Records from a dataset

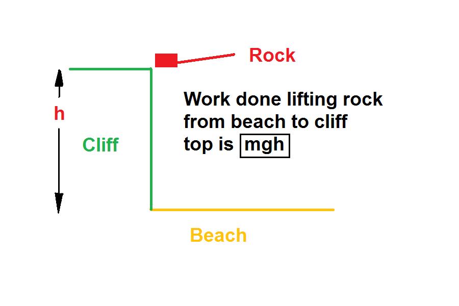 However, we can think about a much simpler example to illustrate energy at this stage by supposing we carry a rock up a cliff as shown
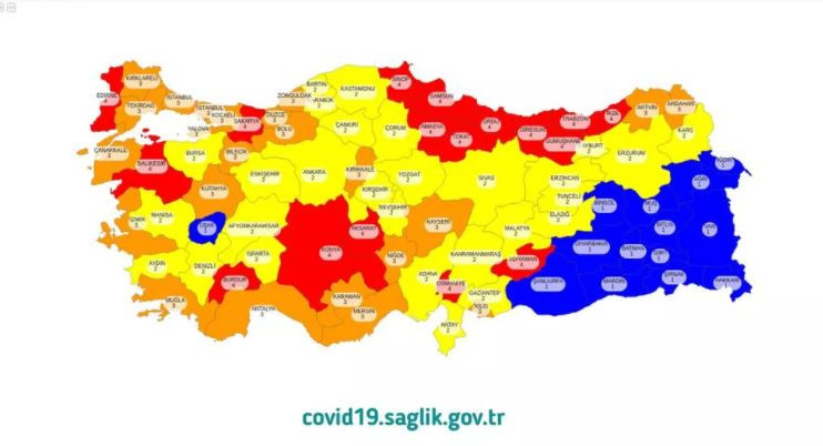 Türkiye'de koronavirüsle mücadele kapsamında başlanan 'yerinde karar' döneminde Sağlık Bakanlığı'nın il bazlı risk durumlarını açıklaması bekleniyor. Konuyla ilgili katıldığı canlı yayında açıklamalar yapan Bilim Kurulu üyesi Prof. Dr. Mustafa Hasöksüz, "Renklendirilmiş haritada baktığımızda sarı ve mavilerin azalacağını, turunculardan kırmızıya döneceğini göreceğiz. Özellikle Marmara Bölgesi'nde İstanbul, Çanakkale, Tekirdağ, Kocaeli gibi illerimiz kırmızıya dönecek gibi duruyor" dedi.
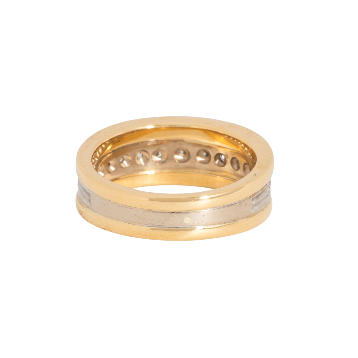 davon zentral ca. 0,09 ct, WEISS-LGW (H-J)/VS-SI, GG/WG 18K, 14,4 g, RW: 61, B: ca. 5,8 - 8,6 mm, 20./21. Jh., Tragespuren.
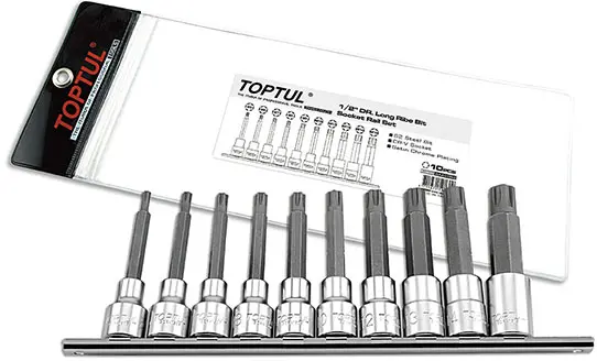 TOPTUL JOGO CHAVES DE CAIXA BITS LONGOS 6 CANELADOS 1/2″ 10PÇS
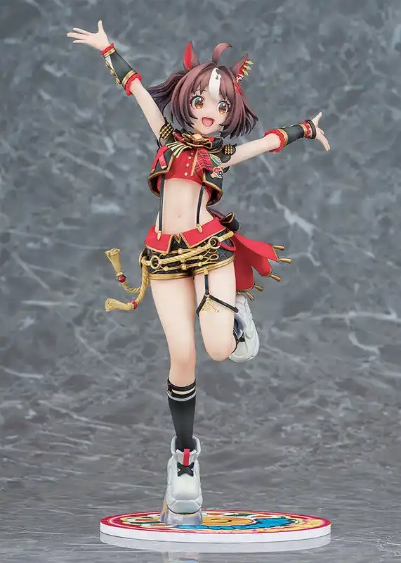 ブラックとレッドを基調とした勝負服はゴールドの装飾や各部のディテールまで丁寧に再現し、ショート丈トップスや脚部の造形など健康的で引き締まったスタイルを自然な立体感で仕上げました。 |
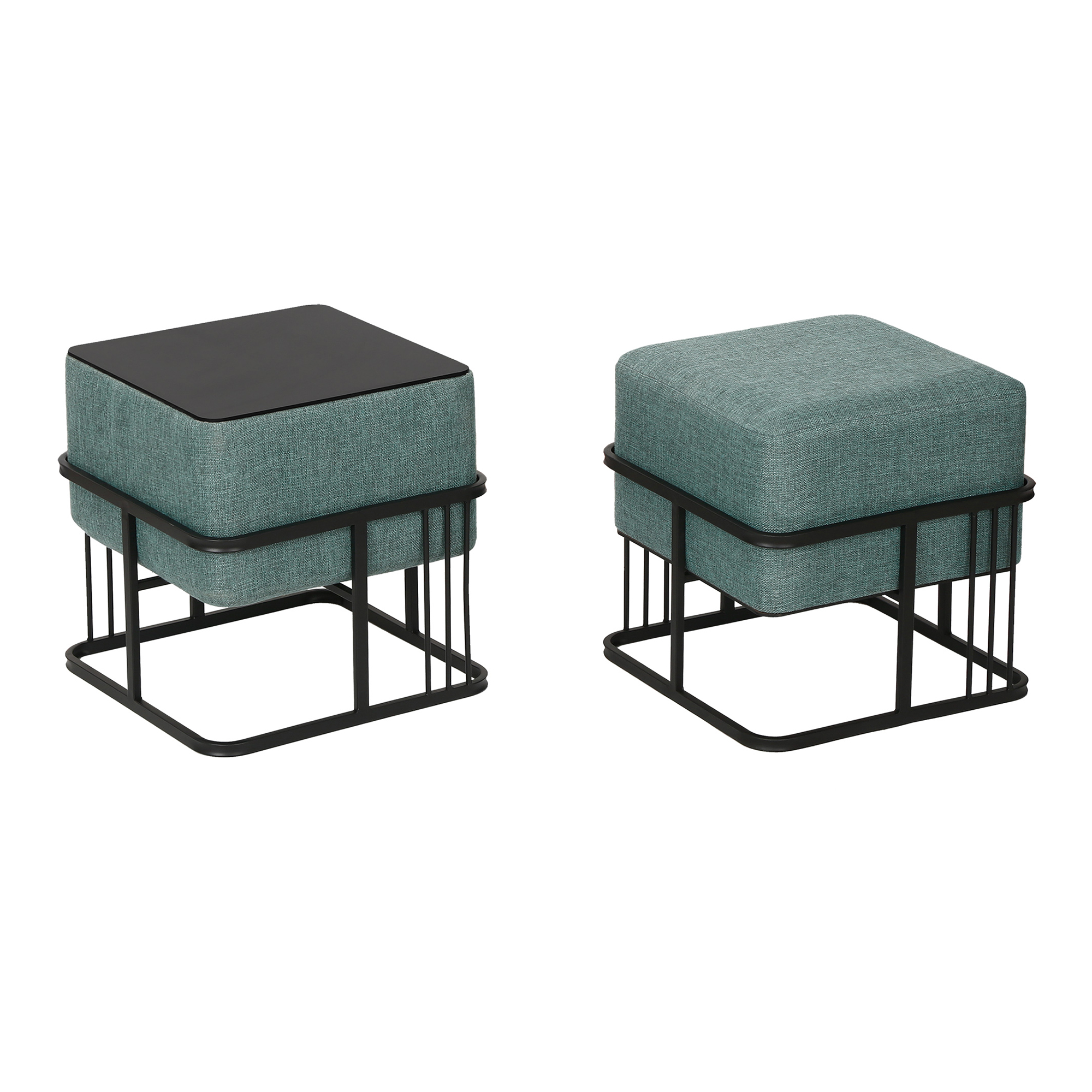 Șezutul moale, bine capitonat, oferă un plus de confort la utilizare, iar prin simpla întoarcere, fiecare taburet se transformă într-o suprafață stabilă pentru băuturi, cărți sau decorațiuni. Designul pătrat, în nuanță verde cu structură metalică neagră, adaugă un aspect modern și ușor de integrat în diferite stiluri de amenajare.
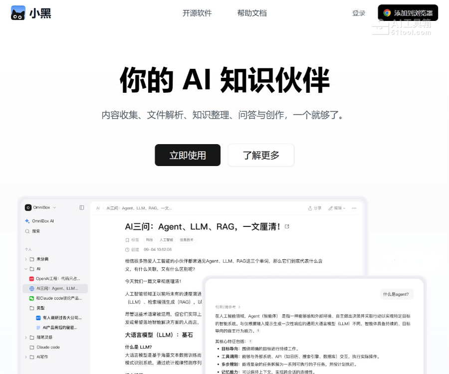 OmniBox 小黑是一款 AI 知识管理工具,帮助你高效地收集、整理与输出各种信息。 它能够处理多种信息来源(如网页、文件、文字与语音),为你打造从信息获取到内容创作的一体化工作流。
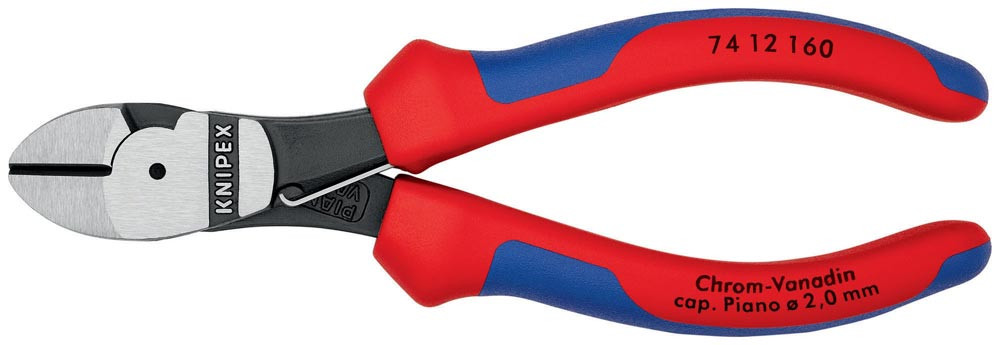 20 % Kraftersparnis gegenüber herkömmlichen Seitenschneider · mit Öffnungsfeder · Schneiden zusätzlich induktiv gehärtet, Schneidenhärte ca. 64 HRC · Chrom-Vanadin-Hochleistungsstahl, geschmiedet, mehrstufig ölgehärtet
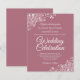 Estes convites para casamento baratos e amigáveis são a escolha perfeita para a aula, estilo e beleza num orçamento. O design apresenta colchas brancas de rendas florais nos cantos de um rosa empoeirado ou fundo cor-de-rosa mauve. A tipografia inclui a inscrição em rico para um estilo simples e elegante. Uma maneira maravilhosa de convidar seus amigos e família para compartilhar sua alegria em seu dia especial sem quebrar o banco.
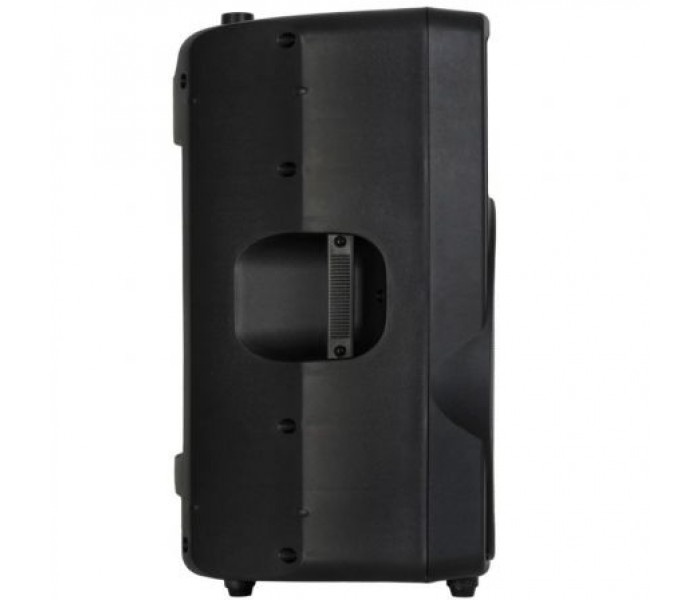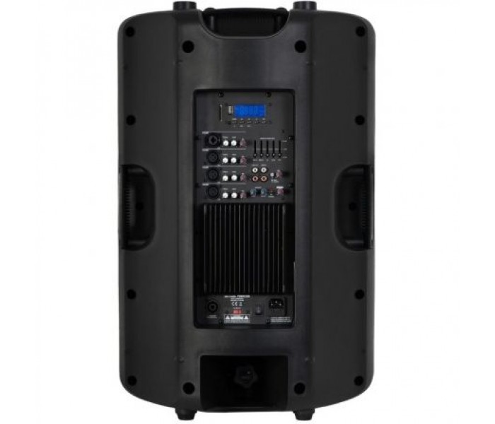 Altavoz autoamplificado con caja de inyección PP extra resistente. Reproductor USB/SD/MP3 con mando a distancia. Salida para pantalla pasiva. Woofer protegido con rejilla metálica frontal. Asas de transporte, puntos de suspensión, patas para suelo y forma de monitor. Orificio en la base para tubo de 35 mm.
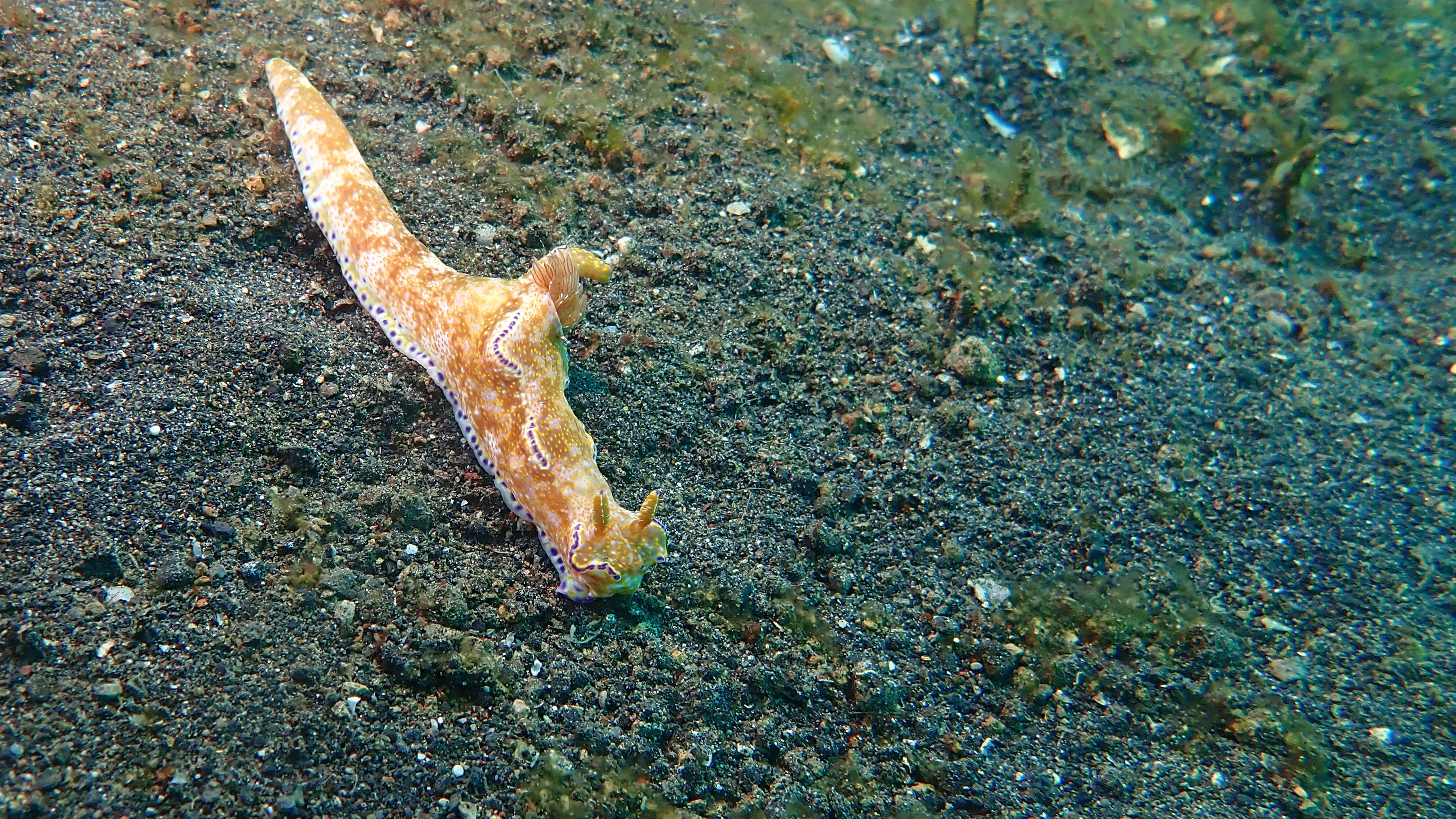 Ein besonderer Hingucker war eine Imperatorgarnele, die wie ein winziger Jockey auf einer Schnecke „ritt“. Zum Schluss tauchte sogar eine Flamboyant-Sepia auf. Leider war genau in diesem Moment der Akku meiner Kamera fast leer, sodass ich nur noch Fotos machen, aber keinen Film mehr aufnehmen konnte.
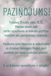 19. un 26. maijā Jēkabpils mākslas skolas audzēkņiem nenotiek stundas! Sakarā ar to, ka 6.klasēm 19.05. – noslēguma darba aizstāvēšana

● Work instruction: Where the line containing "Altavoz autoamplificado con" appears, begin copying there and continue exactly through the final line of the records; both end lines belong in the copy, pictures do not.

● Task result:
 Altavoz autoamplificado con caja de inyección PP extra resistente. Reproductor USB/SD/MP3 con mando a distancia. Salida para pantalla pasiva. Woofer protegido con rejilla metálica frontal. Asas de transporte, puntos de suspensión, patas para suelo y forma de monitor. Orificio en la base para tubo de 35 mm.
 Ein besonderer Hingucker war eine Imperatorgarnele, die wie ein winziger Jockey auf einer Schnecke „ritt“. Zum Schluss tauchte sogar eine Flamboyant-Sepia auf. Leider war genau in diesem Moment der Akku meiner Kamera fast leer, sodass ich nur noch Fotos machen, aber keinen Film mehr aufnehmen konnte.
 19. un 26. maijā Jēkabpils mākslas skolas audzēkņiem nenotiek stundas! Sakarā ar to, ka 6.klasēm 19.05. – noslēguma darba aizstāvēšana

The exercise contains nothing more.